* TASK REQUIREMENTS:
Everything from the line containing "Our Play dough" to the end of the listing, both included, should be returned exactly, apart from the pictures.

* DATA SECTION:
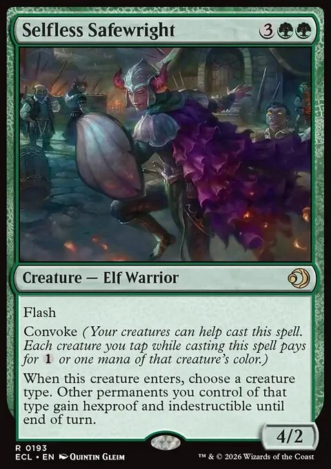Flash Convoke (Your creatures can help cast this spell. Each creature you tap while casting this spell pays for {1} or one mana of that creature's color.) When this creature enters, choose a creature type. Other permanents you control of that type gain hexproof and indestructible until end of turn.
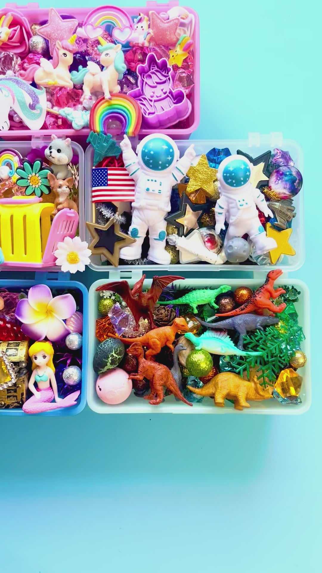 Our Play dough kit boxes will take your kids on a magical adventure! Filled to the brim with perfectly picked items and 3 colors of soft, squishy, non toxic play dough to match each theme- the kids will be literally asking to play every day!!
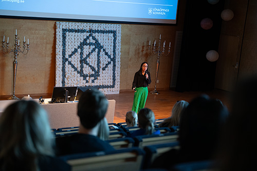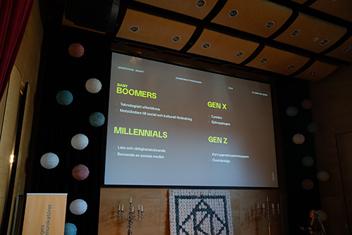 Först ut att föreläsa i JU-aulan var Ellinor Hellberg, grundare och vd på marknadsföringsbyrån Honst, som höll en underhållande och tänkvärd föreläsning om skillnader mellan olika generationer. Ellinor gick igenom varje generation, från Baby Boomers till generation Z. En hel del roliga fördomar avhandlades, men slutsatsen gick ut på att vi kan lära av varandra och vi borde lära oss mer om andra generationer för att själva utvecklas.
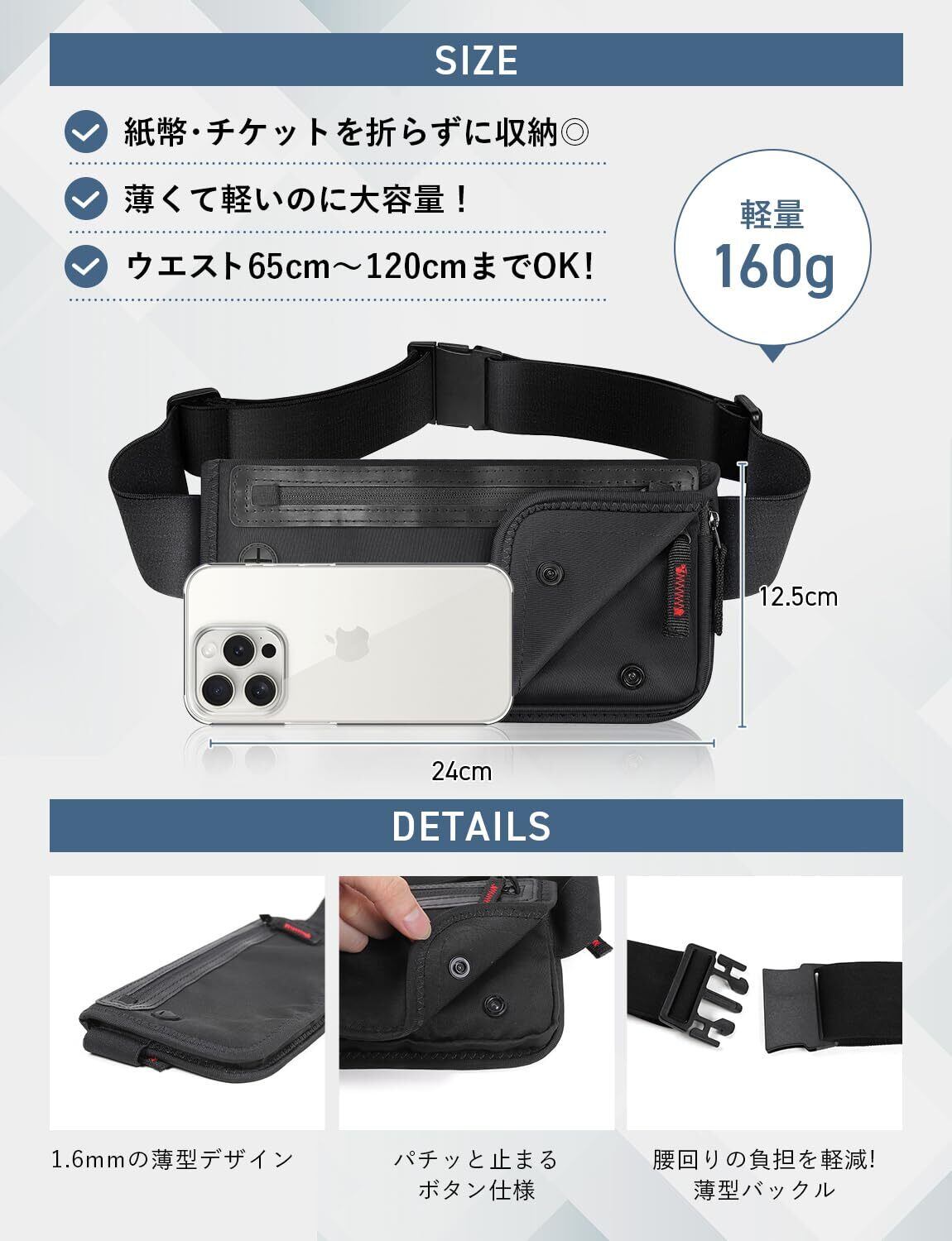 【 腰回りが痛くない。快適なフィット感 】長時間の着用を考えて腰に負担が少ない「伸縮性ウエストゴム」を採用しています。着用時にもズレにくく、“お腹周りが苦しくならない” のが特徴。肌触りもやさしく着用を忘れるくらいで、着用後も 一日中ずっと、ノンストレス。 また、ベルト調整も自在でラクラク。ウエストポーチとしてはもちろん、斜めがけ(胸の高さ程度)のショルダーバッグ としての使用可能。服装・シーンに合わせたスタイルでご使用ください。

* COMPLETED EXERCISE:
 Our Play dough kit boxes will take your kids on a magical adventure! Filled to the brim with perfectly picked items and 3 colors of soft, squishy, non toxic play dough to match each theme- the kids will be literally asking to play every day!!
 Först ut att föreläsa i JU-aulan var Ellinor Hellberg, grundare och vd på marknadsföringsbyrån Honst, som höll en underhållande och tänkvärd föreläsning om skillnader mellan olika generationer. Ellinor gick igenom varje generation, från Baby Boomers till generation Z. En hel del roliga fördomar avhandlades, men slutsatsen gick ut på att vi kan lära av varandra och vi borde lära oss mer om andra generationer för att själva utvecklas.
 【 腰回りが痛くない。快適なフィット感 】長時間の着用を考えて腰に負担が少ない「伸縮性ウエストゴム」を採用しています。着用時にもズレにくく、“お腹周りが苦しくならない” のが特徴。肌触りもやさしく着用を忘れるくらいで、着用後も 一日中ずっと、ノンストレス。 また、ベルト調整も自在でラクラク。ウエストポーチとしてはもちろん、斜めがけ(胸の高さ程度)のショルダーバッグ としての使用可能。服装・シーンに合わせたスタイルでご使用ください。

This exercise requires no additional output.